Workers sort out parcels at a distribution centre for JD.com in Beijing on Saturday. Photo: AP Photo

This year’s shopping season has been closely watched for signs of consumption recovery as the world’s second-largest economy has yet to secure a solid rebound amid an ailing property sector and weak domestic spending.

While major e-commerce platforms released encouraging initial figures for the presales periods, China’s consumer price index fell by 0.2 per cent in October from a year earlier, after a flat reading in September, in the latest sign of the country’s unstable recovery and anaemic domestic demand.

“As the festival enters its 15th year, consumers have shifted to a ‘cooling-off stage’ where they are inclined to buy what they need,” said Wang Bairong, a consumer industry analyst at LeadLeo Research Institute.

“Judging from this year’s performance, the Double 11 shopping festival has entered a healthier stage, with rational consumption behaviours and consumption on quality products becoming the mainstream.”

An Alibaba advertisement promoting Singles Day at a bus stop in Beijing.

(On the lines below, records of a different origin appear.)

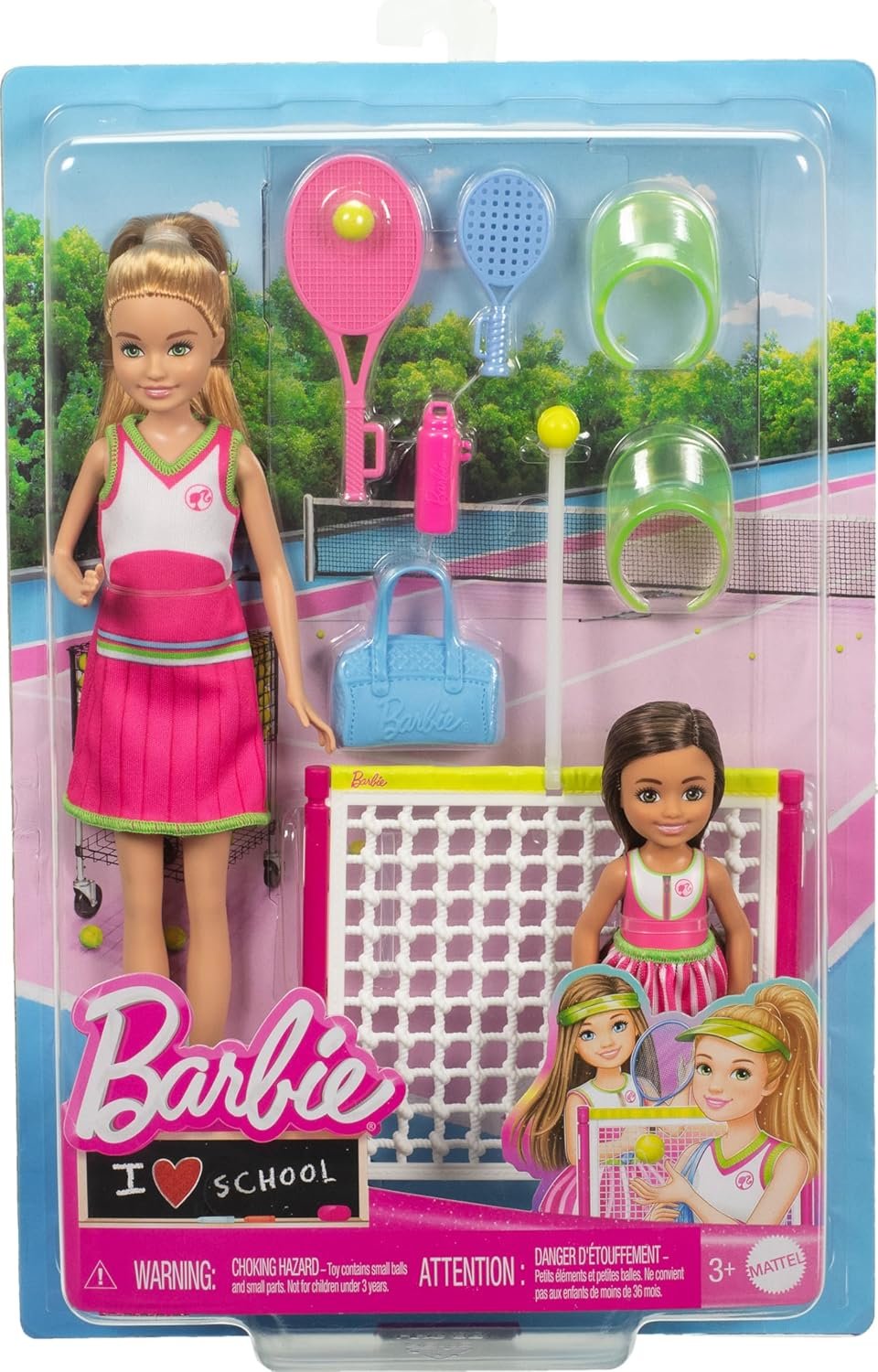 The Stacie & Chelsea Tennis playset includes 2 dolls, a net and 5+ accessories to serve up fun!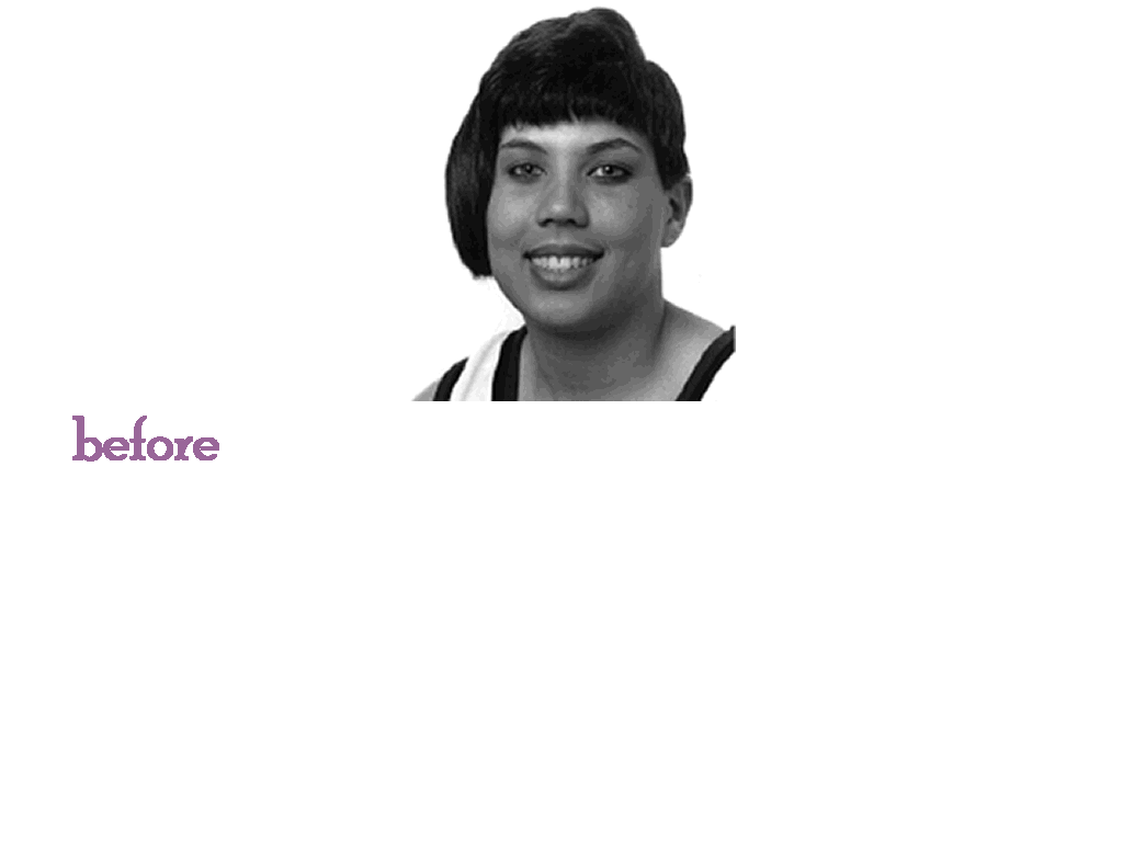 This woman all ready looked kinda of like a guy so I just made her look more like a guy. what I did was i took the texture tool and made her a mustache . I also used the texture tool, to make her a unibrow. I went to google and got a earring. then I used the blur to hide all her freckels. i used the dodge tool to whiten her teeth. |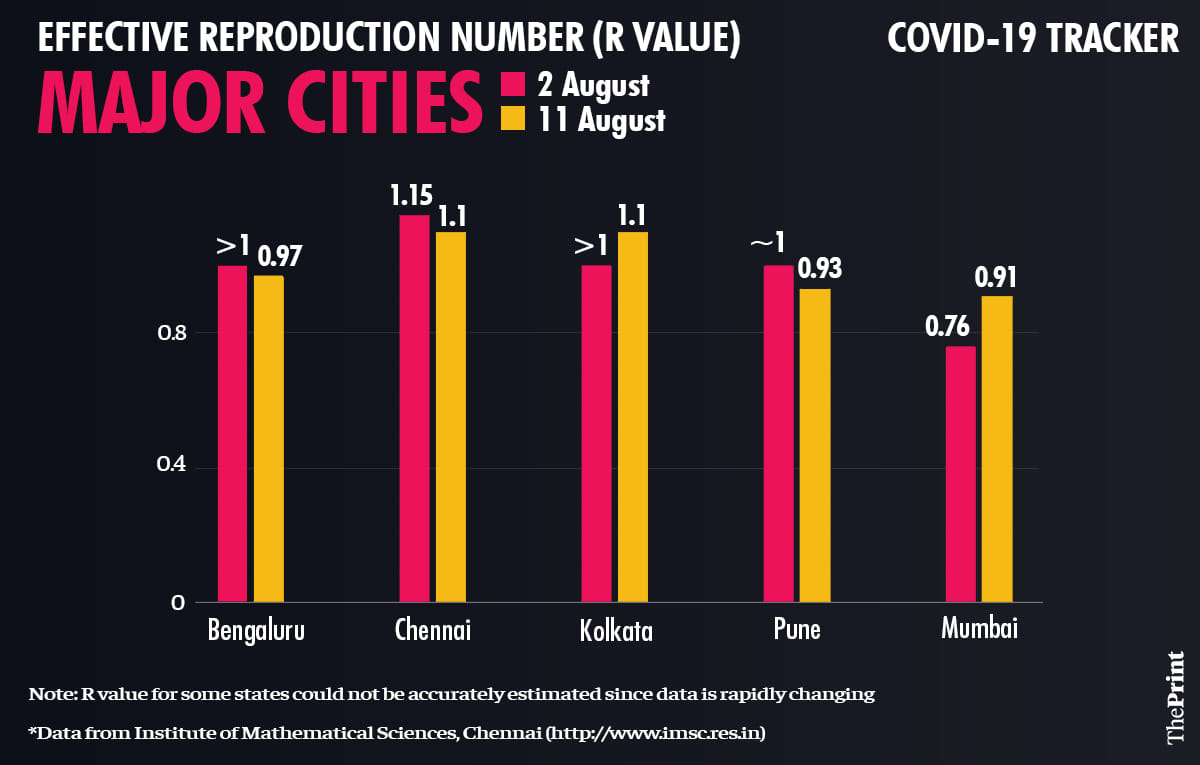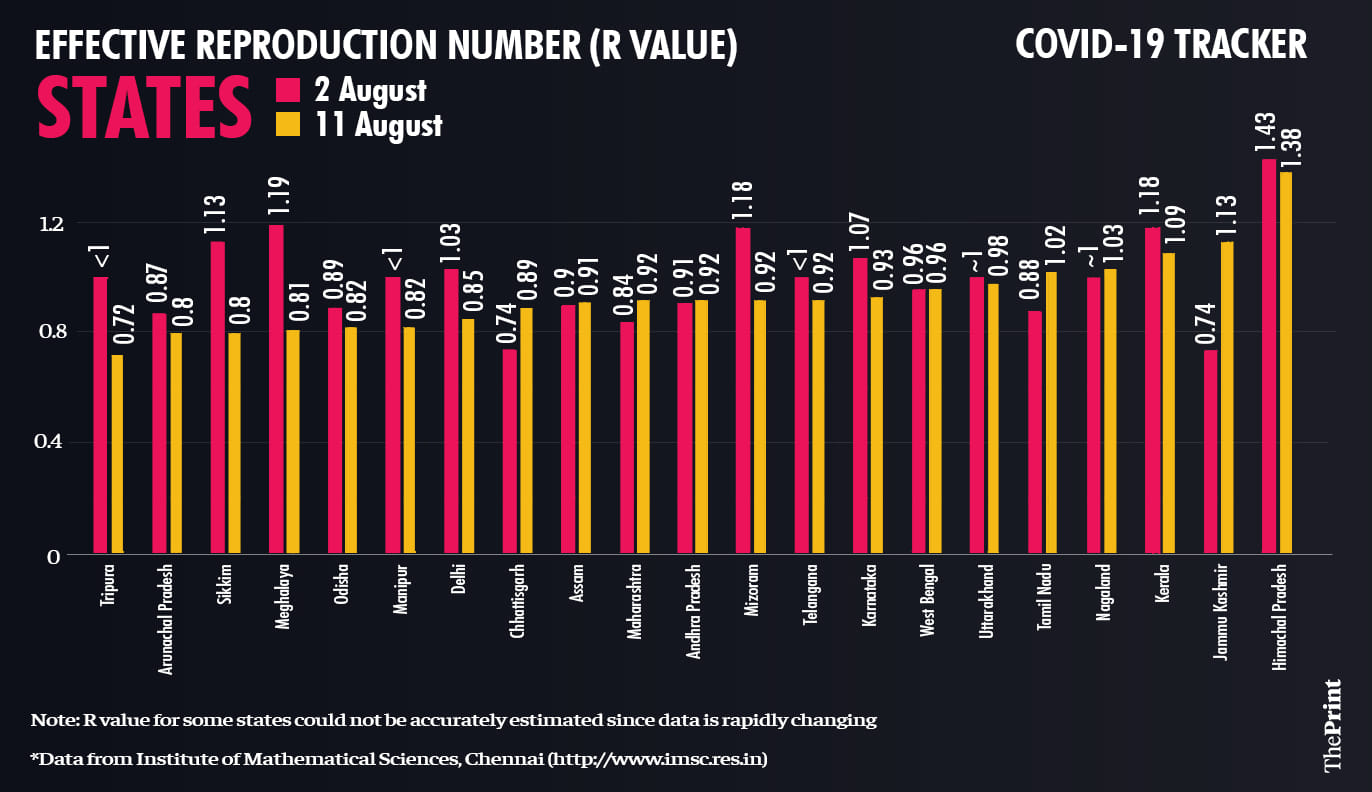 “After the scare at the beginning of month when R for India went above 1 for the first time after early May, things seem to have improved somewhat,” Sitabhra Sinha, a researcher at the Institute of Mathematical Sciences in Chennai who has been tracking R for India since the beginning of the pandemic, told ThePrint.

Photo: Reuters

Chinese e-commerce giants have been betting on low-price strategies to woo local consumers, who have trimmed their budgets amid a slowing economy.

Taobao and Tmall Group said it focuses on “serving Chinese consumers looking for value-for-money products by offering the best deals”, with its platforms featuring over 80 million products at their lowest prices this year.

Beijing-based rival JD.com, meanwhile, has offered a 10 billion yuan (US$1.4 billion) subsidy campaign since March, touted as “its largest sales promotion event in history”.

The firm is also offering a 30-day, best-price guarantee for more than 800 million products. If shoppers find more affordable goods elsewhere for items they bought on JD.com during its promotion, the e-commerce firm will compensate them for the price difference.